▶ _Task to complete_:
Would you please set down, word for word, the lines from the one with "Cadillac Yemek Odası" through the final line of the data below, omitting any pictures?

○ ○ ○ ○

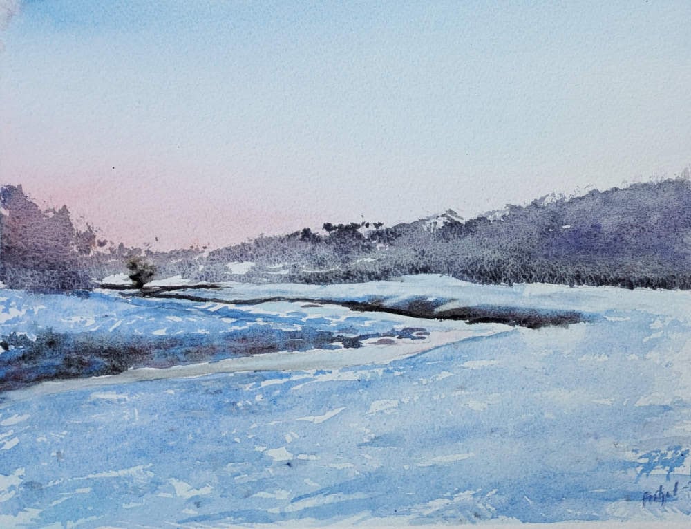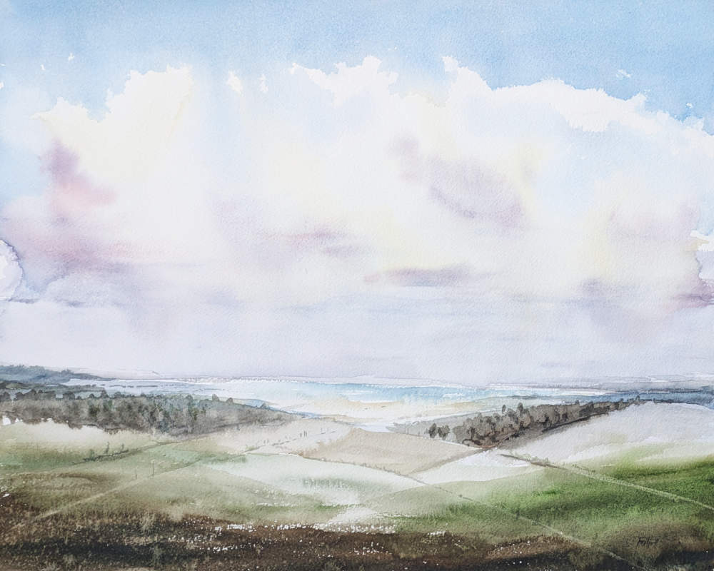 Utsikt från ladugårdsbacken på Stora Väsby i Östergötland. I privat ägo. Du är välkommen att höra av dig om du skulle vara intresserad av en akvarell med ett liknande motiv.
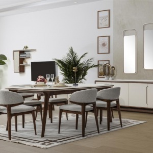 Cadillac Yemek Odası Takımı, ferah oturum alanı ve ergonomik tasarımı sayesinde yemek deneyimlerinizi daha keyifli hale getirir. Masanın geniş yüzeyi, yemeklerinizi rahatlıkla sunmanıza imkan tanırken, şık sandalyeleriyle birlikte davetkar bir atmosfer yaratır.
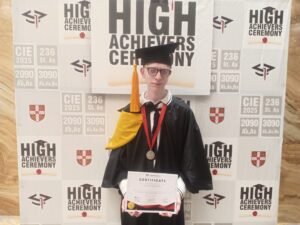 Another achiever, Valijah Moiz from A2 (2025) at the F-8 Campus, Islamabad, secured the Bronze Medal. In response to a question from our correspondent, she shared that she had been studying 8–10 hours daily over the past three months in order to achieve this distinction. She further expressed her resolve by stating that she will continue to work hard to improve her position. Valijah also mentioned that her ambition is to become a psychologist in the future.
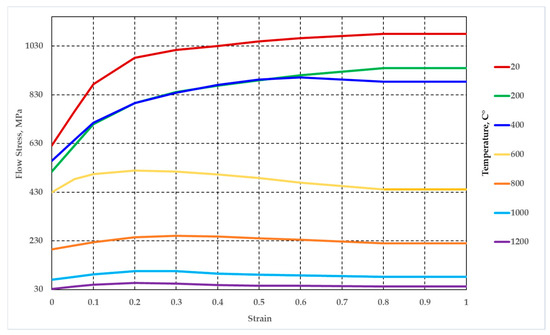 The elastic-plastic state of the material is described by the following ratios: σxx = Eε at ε < εY and σxx = σY at ε ≥ εY (here, εY = σY/E—strain yield strength at linear loaded state) [17]. For AISI 52,100, the strain–stress curves for different temperatures are presented below in Figure 3.
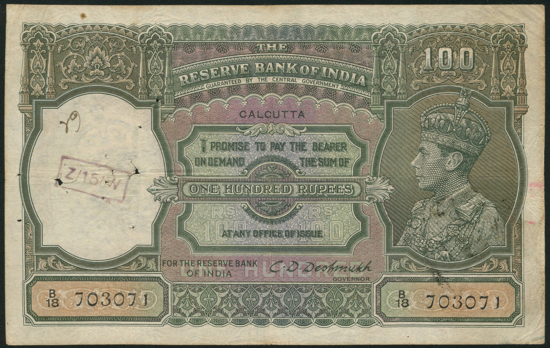 (x) Reserve Bank of India, 100 rupees, ND (1943), serial number B18 703071, olive green and lilac, portrait King George VI at right, reverse, tiger at centre and top right

○ ○ ○ ○

▶ _Task answer_:
 Cadillac Yemek Odası Takımı, ferah oturum alanı ve ergonomik tasarımı sayesinde yemek deneyimlerinizi daha keyifli hale getirir. Masanın geniş yüzeyi, yemeklerinizi rahatlıkla sunmanıza imkan tanırken, şık sandalyeleriyle birlikte davetkar bir atmosfer yaratır.
 Another achiever, Valijah Moiz from A2 (2025) at the F-8 Campus, Islamabad, secured the Bronze Medal. In response to a question from our correspondent, she shared that she had been studying 8–10 hours daily over the past three months in order to achieve this distinction. She further expressed her resolve by stating that she will continue to work hard to improve her position. Valijah also mentioned that her ambition is to become a psychologist in the future.
 The elastic-plastic state of the material is described by the following ratios: σxx = Eε at ε < εY and σxx = σY at ε ≥ εY (here, εY = σY/E—strain yield strength at linear loaded state) [17]. For AISI 52,100, the strain–stress curves for different temperatures are presented below in Figure 3.
 (x) Reserve Bank of India, 100 rupees, ND (1943), serial number B18 703071, olive green and lilac, portrait King George VI at right, reverse, tiger at centre and top right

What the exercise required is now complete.